◆ WHAT YOU SHOULD DO
Transcribe the lines below exactly, beginning with the line that holds "5. Entonces batimos" and ending with the final line, both included. Pictures are to be left out.
#####
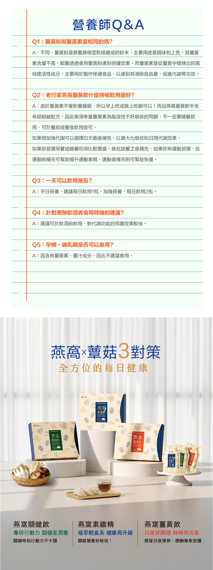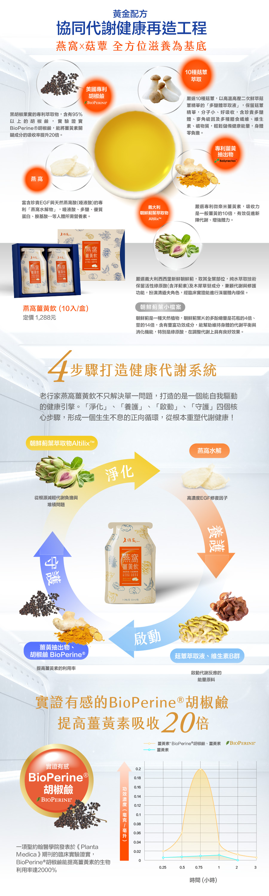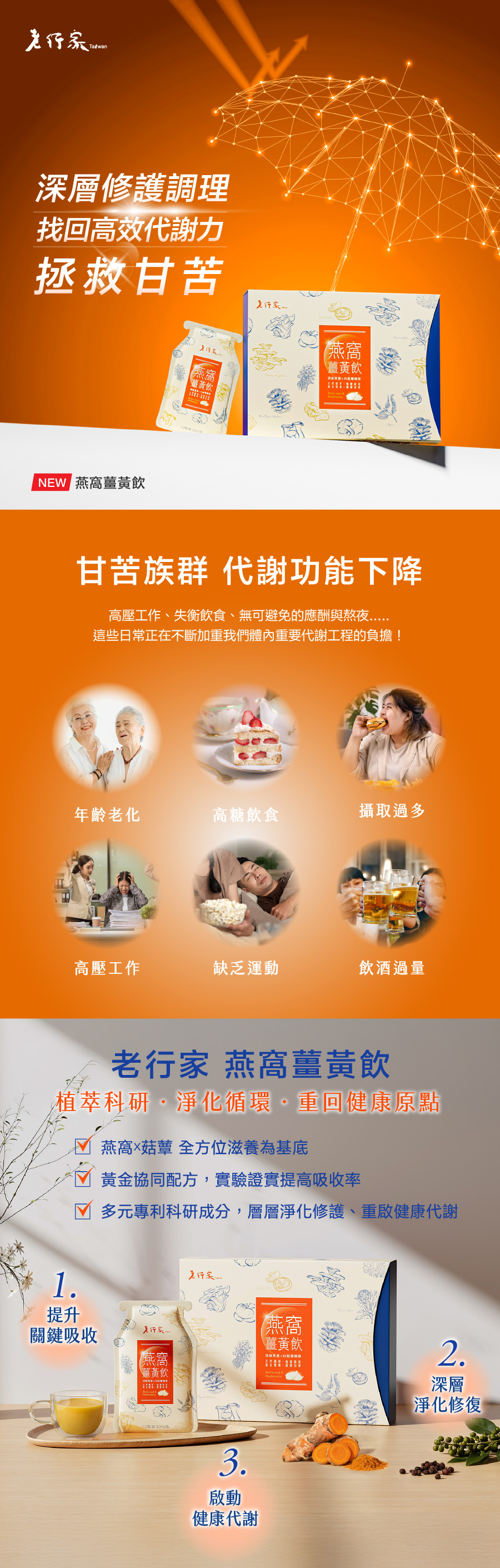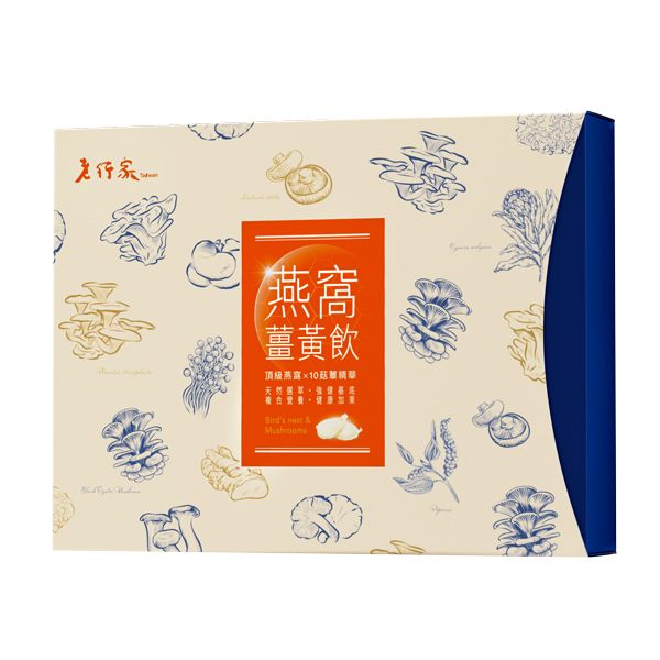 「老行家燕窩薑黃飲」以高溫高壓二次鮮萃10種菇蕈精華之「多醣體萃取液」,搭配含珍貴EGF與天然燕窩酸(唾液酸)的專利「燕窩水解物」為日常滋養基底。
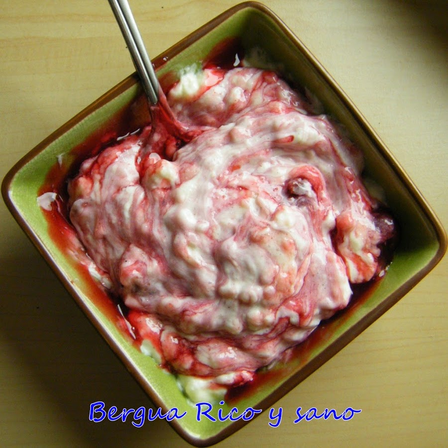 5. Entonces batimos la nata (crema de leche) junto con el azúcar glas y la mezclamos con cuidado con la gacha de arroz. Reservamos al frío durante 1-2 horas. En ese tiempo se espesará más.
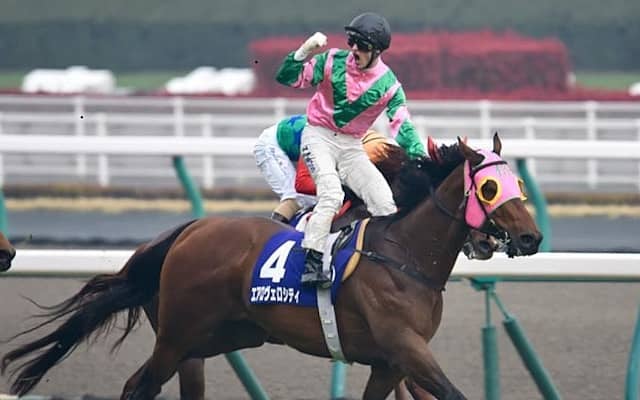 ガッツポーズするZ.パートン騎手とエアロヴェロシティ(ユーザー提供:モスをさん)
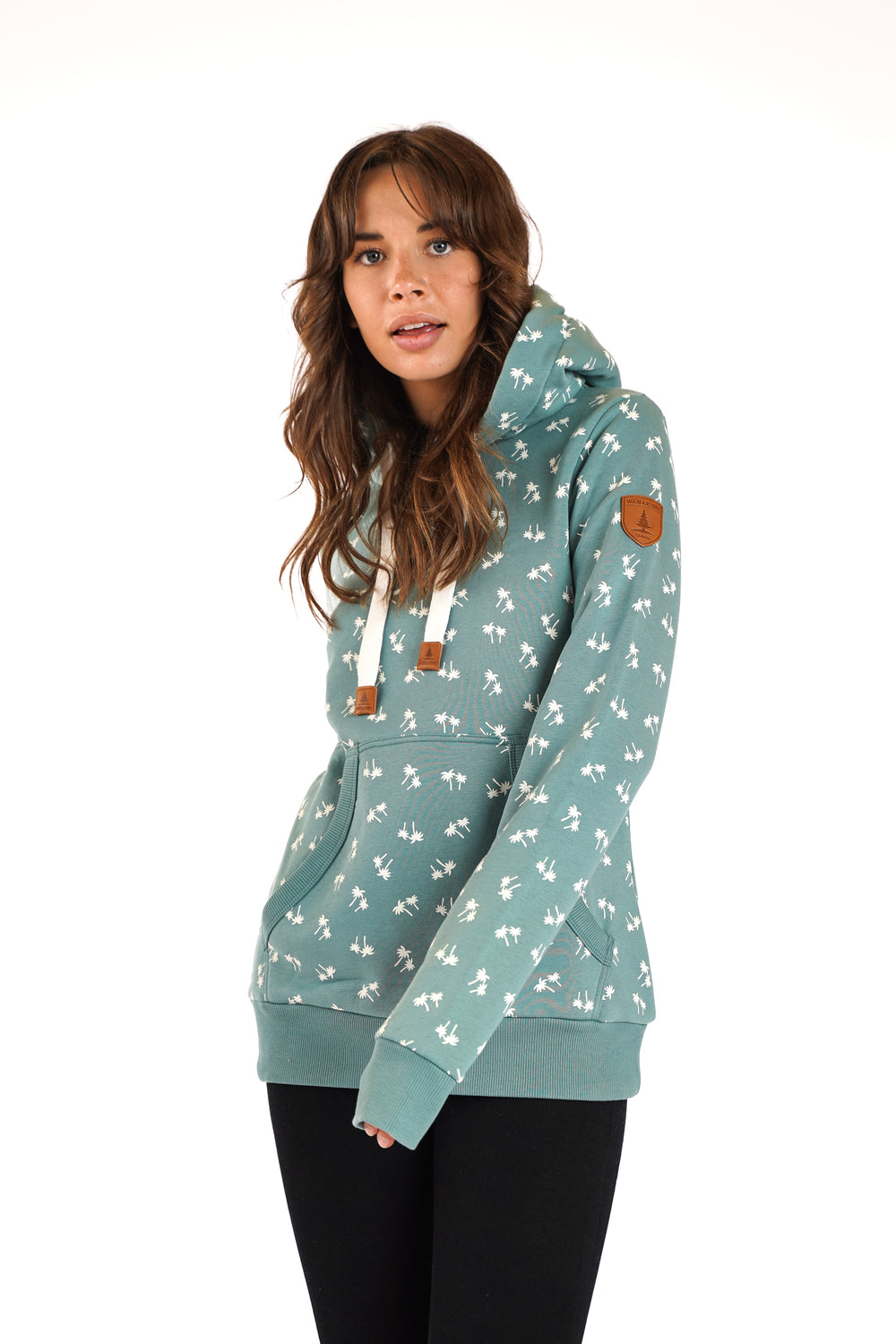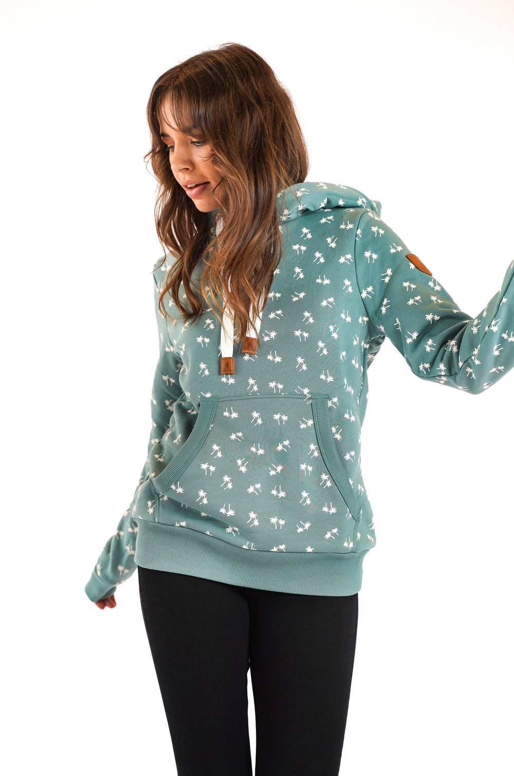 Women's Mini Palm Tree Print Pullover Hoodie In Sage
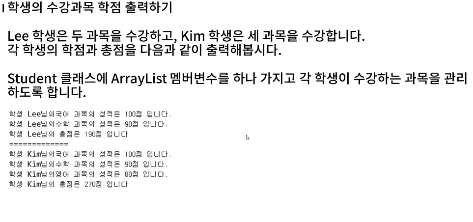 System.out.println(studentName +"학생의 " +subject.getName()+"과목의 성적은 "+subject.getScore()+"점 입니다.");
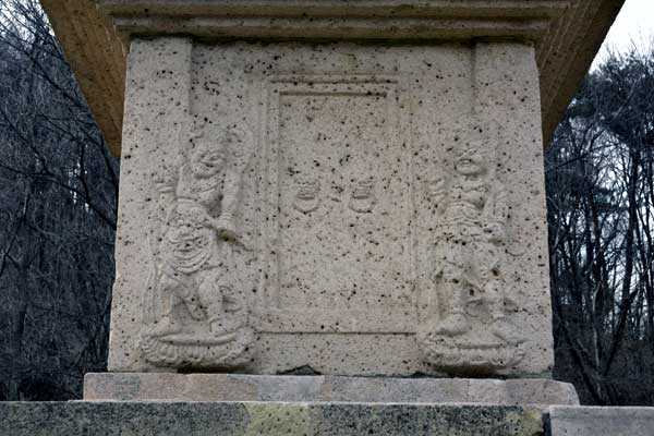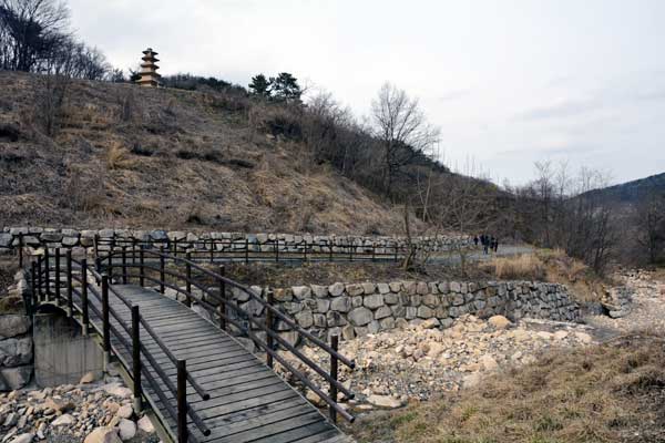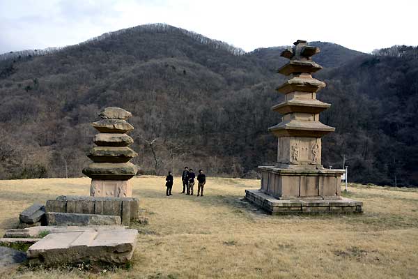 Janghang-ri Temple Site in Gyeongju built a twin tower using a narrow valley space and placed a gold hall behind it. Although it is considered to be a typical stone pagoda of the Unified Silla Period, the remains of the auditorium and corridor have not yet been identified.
#####
◆ SOLUTION FOR THIS EXERCISE
 5. Entonces batimos la nata (crema de leche) junto con el azúcar glas y la mezclamos con cuidado con la gacha de arroz. Reservamos al frío durante 1-2 horas. En ese tiempo se espesará más.
 ガッツポーズするZ.パートン騎手とエアロヴェロシティ(ユーザー提供:モスをさん)
 Women's Mini Palm Tree Print Pullover Hoodie In Sage
 System.out.println(studentName +"학생의 " +subject.getName()+"과목의 성적은 "+subject.getScore()+"점 입니다.");
 Janghang-ri Temple Site in Gyeongju built a twin tower using a narrow valley space and placed a gold hall behind it. Although it is considered to be a typical stone pagoda of the Unified Silla Period, the remains of the auditorium and corridor have not yet been identified.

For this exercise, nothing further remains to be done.